§ **EXERCISE PROMPT**
Nothing but text lines should be duplicated: start with the first line of the listing below and stop after the line holding "Pirates, we've found", omitting pictures.

§ **PROVIDED DATA**
- - - - -

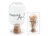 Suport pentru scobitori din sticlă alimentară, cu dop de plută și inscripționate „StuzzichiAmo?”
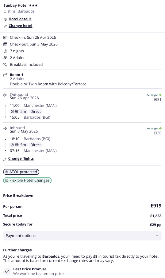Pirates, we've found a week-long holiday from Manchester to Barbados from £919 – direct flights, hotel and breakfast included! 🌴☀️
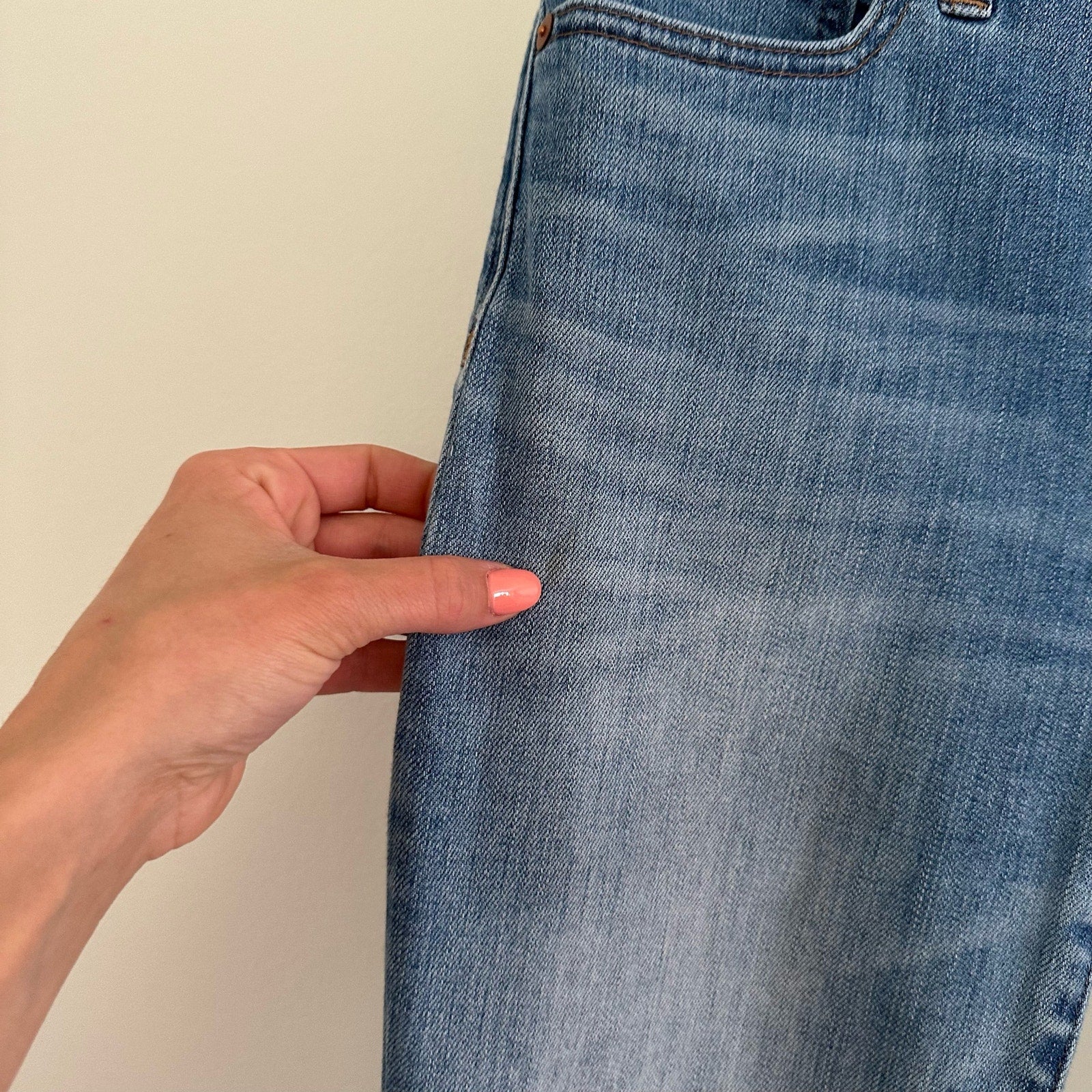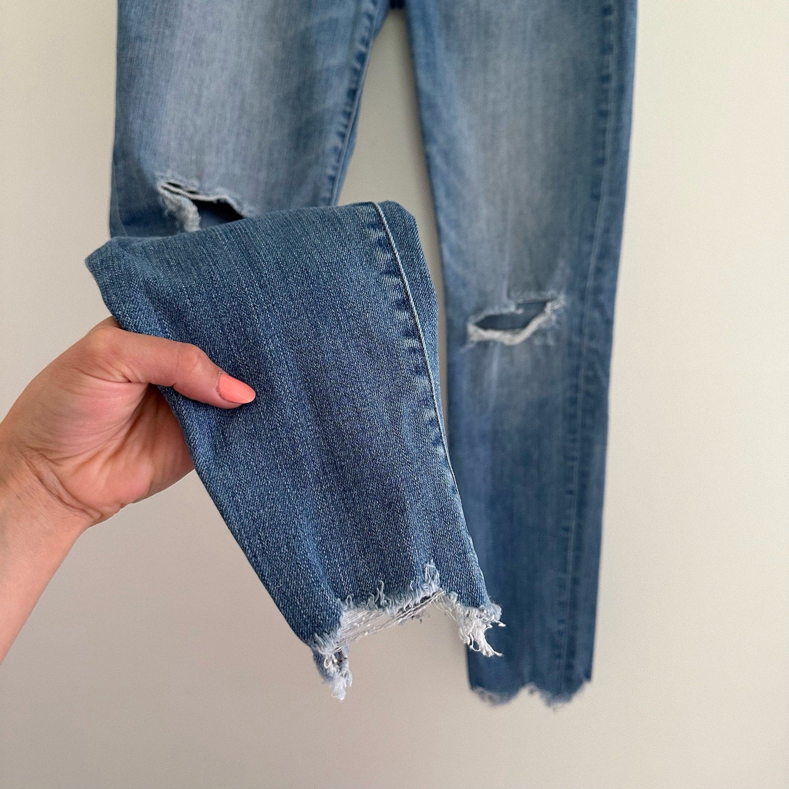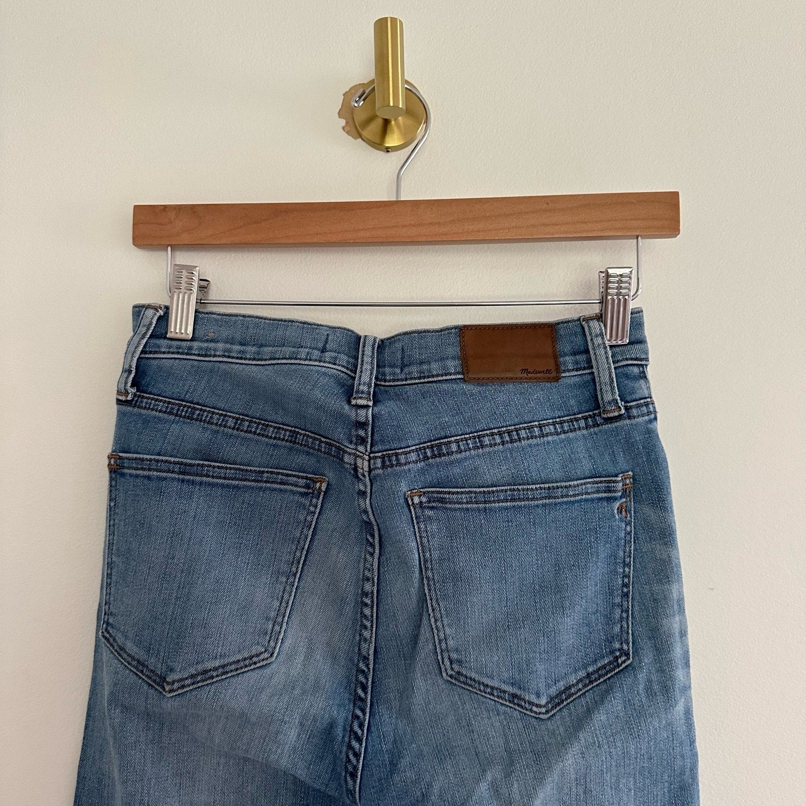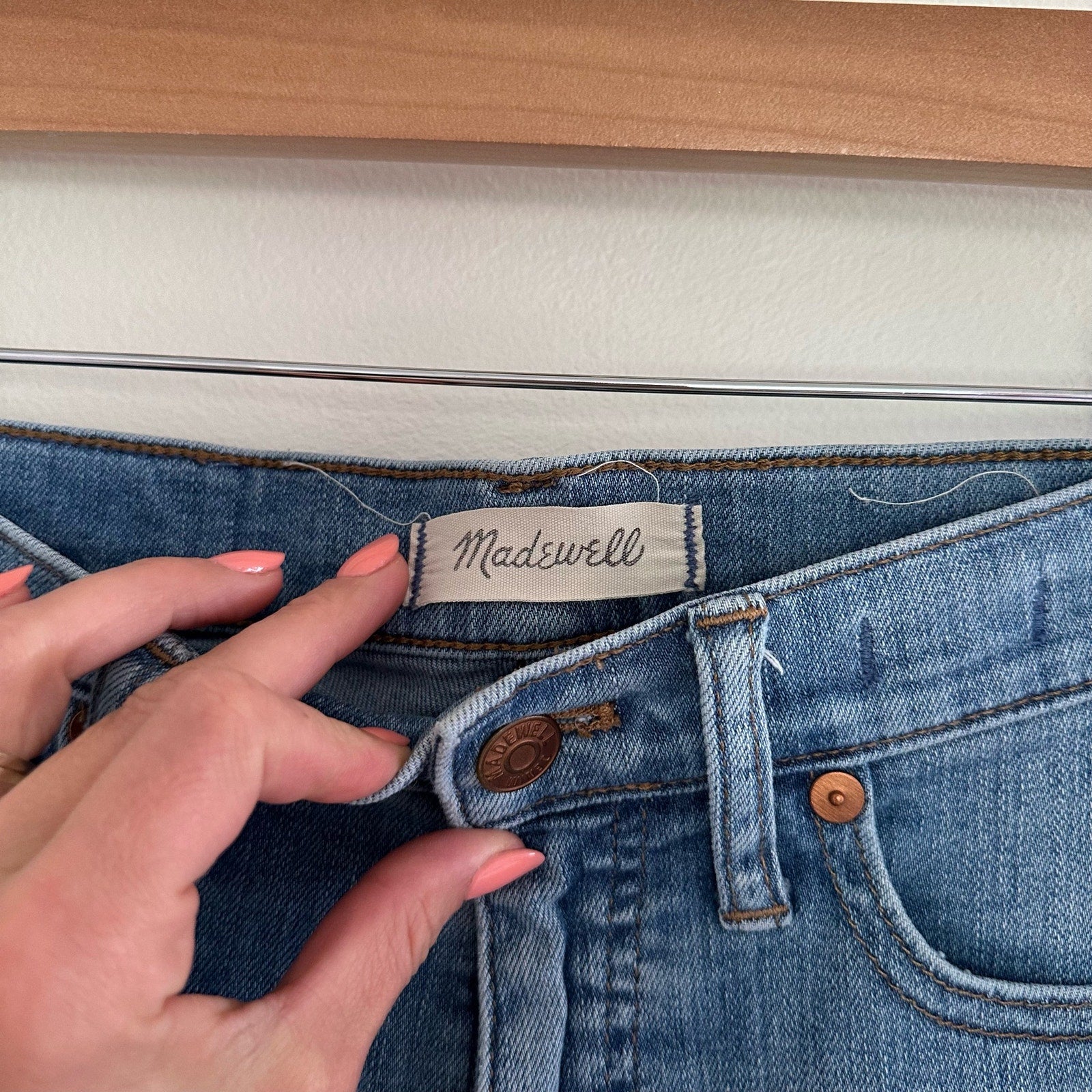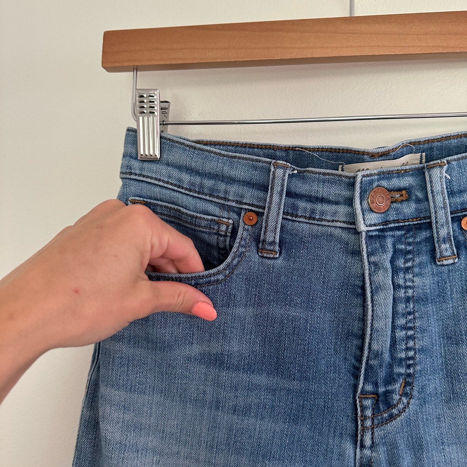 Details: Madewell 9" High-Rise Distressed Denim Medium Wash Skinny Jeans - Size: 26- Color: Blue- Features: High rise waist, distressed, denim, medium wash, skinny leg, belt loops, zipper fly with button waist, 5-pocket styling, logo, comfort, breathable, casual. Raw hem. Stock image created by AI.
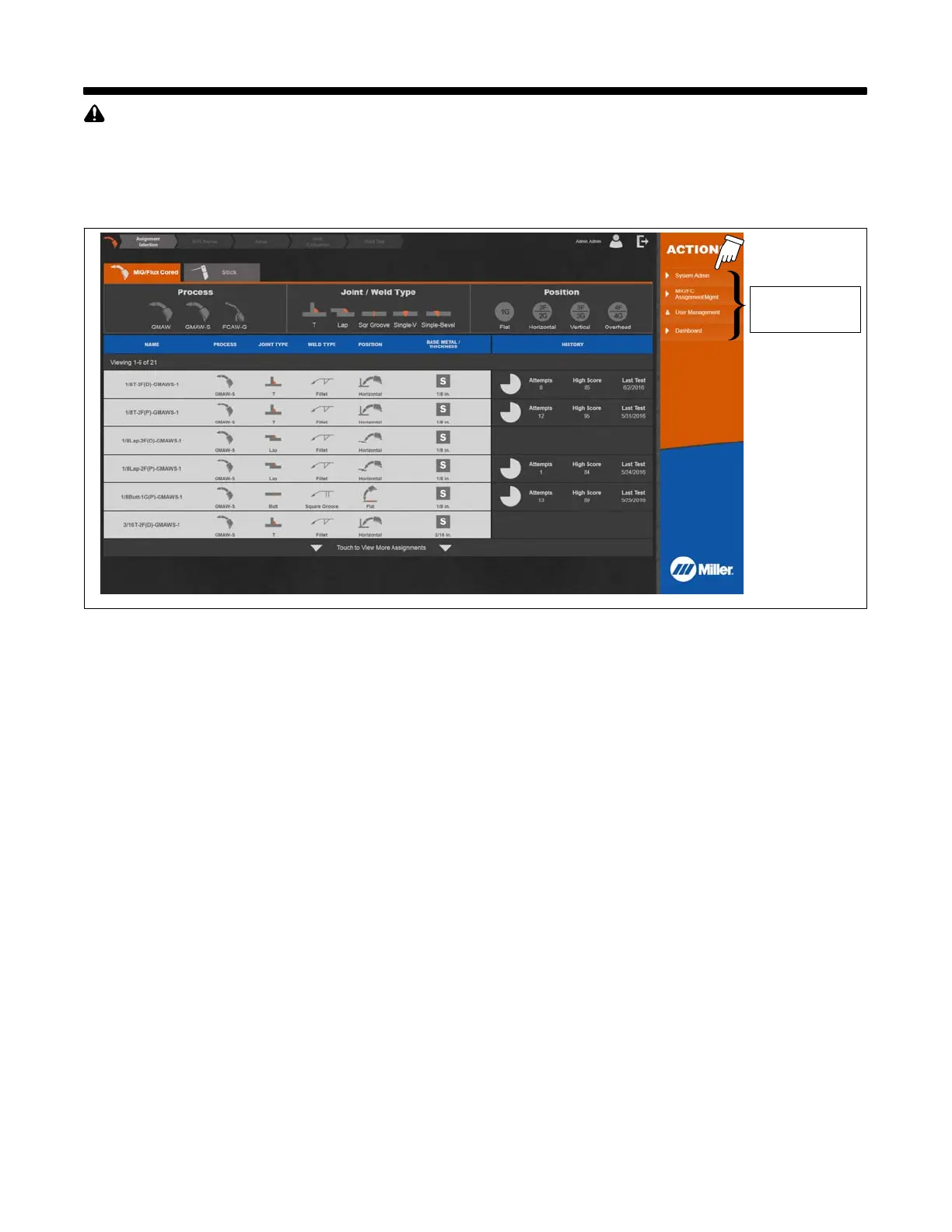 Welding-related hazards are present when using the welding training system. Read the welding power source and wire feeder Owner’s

- - - - -

§ **RESPONSE BELOW**
 Suport pentru scobitori din sticlă alimentară, cu dop de plută și inscripționate „StuzzichiAmo?”
Pirates, we've found a week-long holiday from Manchester to Barbados from £919 – direct flights, hotel and breakfast included! 🌴☀️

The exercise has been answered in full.